Google details new 24-hour process to sideload unverified Android apps
https://android-developers.googleblog.com/2026/03/android-de...
Google details new 24-hour process to sideload unverified Android apps
https://android-developers.googleblog.com/2026/03/android-de...
The part in the flow where you select between allowing app installs for 7 days or forever is a glimpse into the future. That toggle shows the thought process that's going on at Google.
I can bet that a few versions down the line, the "Not recommended" option of allowing installs indefinitely will become so not recommended that they'll remove it outright. Then shrink the 7 day window to 3 days or less. Or only give users one allowed attempt at installing an app, after which it's another 24 hour waiting period for you. Then ask the user to verify themselves as a developer if they want to install whatever they want. Whatever helps them turn people away from alternatives and shrink the odds of someone dislodging their monopoly, they will do. Anything to drive people to Google Play only.
Do you think regular desktop computer should be locked down like this too? Scammers can also tell people to run Windows programs. Should that be banned too?
I'm fine with an opt-in lock-down feature so people can do it for their parents/grandparents/children.
Also, just let people get used to it. People will get burned, then tell their friends and they will then know not to simply follow what a stranger guides them to do over the phone. Maybe they will actually have second thoughts about what personal data they enter on their phone and when and where and who it may be sent to.
Same as with emails telling you to buy gift cards at the gas station. Should the clerk tell people to come back tomorrow if they want to buy a gift card, just in case they are being "guided" by a Nigerian prince scammer?
Maybe? Let people form CAs, and if a CA gives out certs for malicious apps remove them. (Old apps continue to work, to publish new one get new cert.)
Yes, sad, but works.
People will learn about scams, but scammers are unfortunately a few steps ahead. (Lots of scammers, good techniques spread faster among them than among the general public.)
If "they" is Google, this is just a really pointless middleman proposal. Android does all the cert stuff.
Also Chrome trusts like 300 CAs. Does that work? Probably not if you live in 200 of those countries.
Keep in mind that Android has like a billion users who have never touched a Windows computer. (And unmanaged Windows was/is also a disaster zone.) Coming at this from a internet forum perspective is missing the scope of the problem.
> I'm fine with an opt-in lock-down feature
Me too, but it's really just some UI semantics whether this is 'opt-in' or 'opt-out'. Essentially it would be an option to set up the phone in "developer mode".
Yeah, I predict that "developer mode" will eventually be a setup option in the trust store, so you'd have reset the phone to get to it.
With billions of Android users, there's only millions of people who need or really want this. So like 1%. My point is stop thinking about your mom's windows box and consider the scale.
Keep in mind that Android is super popular everywhere democracy isn't.

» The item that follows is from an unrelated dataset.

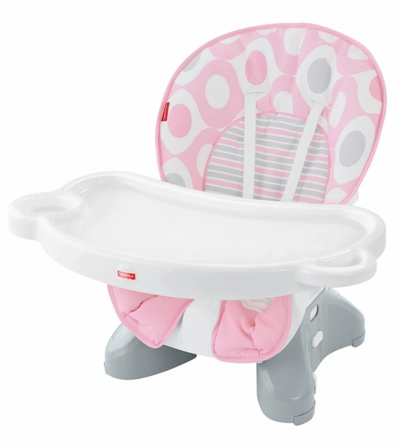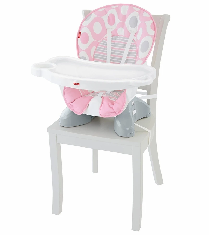 Pull up a chair at the big kids table. The Fisher-Price® SpaceSaver High Chair straps securely to just about any kitchen chair, dining chair or restaurant chair to give you and baby all the features, comfort, and convenience of a full-size high chair in only half the space! Three height adjustments. Three recline positions. Removable, dishwasher-safe, easy to clean feeding tray insert. One-hand tray removal. Machine-washable seat pad and five point restraintits got it all! As your little one grows, this deluxe baby high chair easily transitions from reclining high chair seat for newborns, to an upright high chair seat for infants, to a comfortable, height-adjustable big-kid booster seat for toddlers! Its compact size makes it perfect for use in small spaces, or on the go.

I'm just spitballing something which would be completely trivial for any 'techie' (and wouldn't require jumping through 24 hr hoops), while improving the situation for the other 99%. Or Android becomes iOS and some minority of techies use some weirdo linux phone, whatever.
The scams are more sophisticated than getting gift cards to pay the IRS. A number saying that it’s from the bank will say they need to verify some account information.
I have had to actually verify my “investment profile” with a major broker in order to unfreeze some trades, in a high friction process. To the extent that a sideloaded app that looks exactly like the bank app has a low friction install, then people can get fooled and irrevocably lose savings.
If the lock-down is opt-in, almost nobody will opt in to it. If the lockdown is opt-out, then whether scams still happen depends on how much friction there is in opting out.
Freedom to install other unsigned sandboxed apps has a solution: Banks could use passkeys and other non-phishable methods. Sideloaded apps in Android can’t get to the bank app’s passkey.
Passkeys or hardware tokens get worries about the enshittification of the theoretical recovery process. Which, if that’s the case, I guess we should hope for/pay a better world, at least with banks and brokers. For them specifically, for account recovery allow either showing up in person or using ID checks.
Both for personal accounts and business accounts (i.e. with Business Email Compromise), I believe the onus should be on the bank to use non-phishable methods to show the human-readable payee from their app for irrevocable transfers.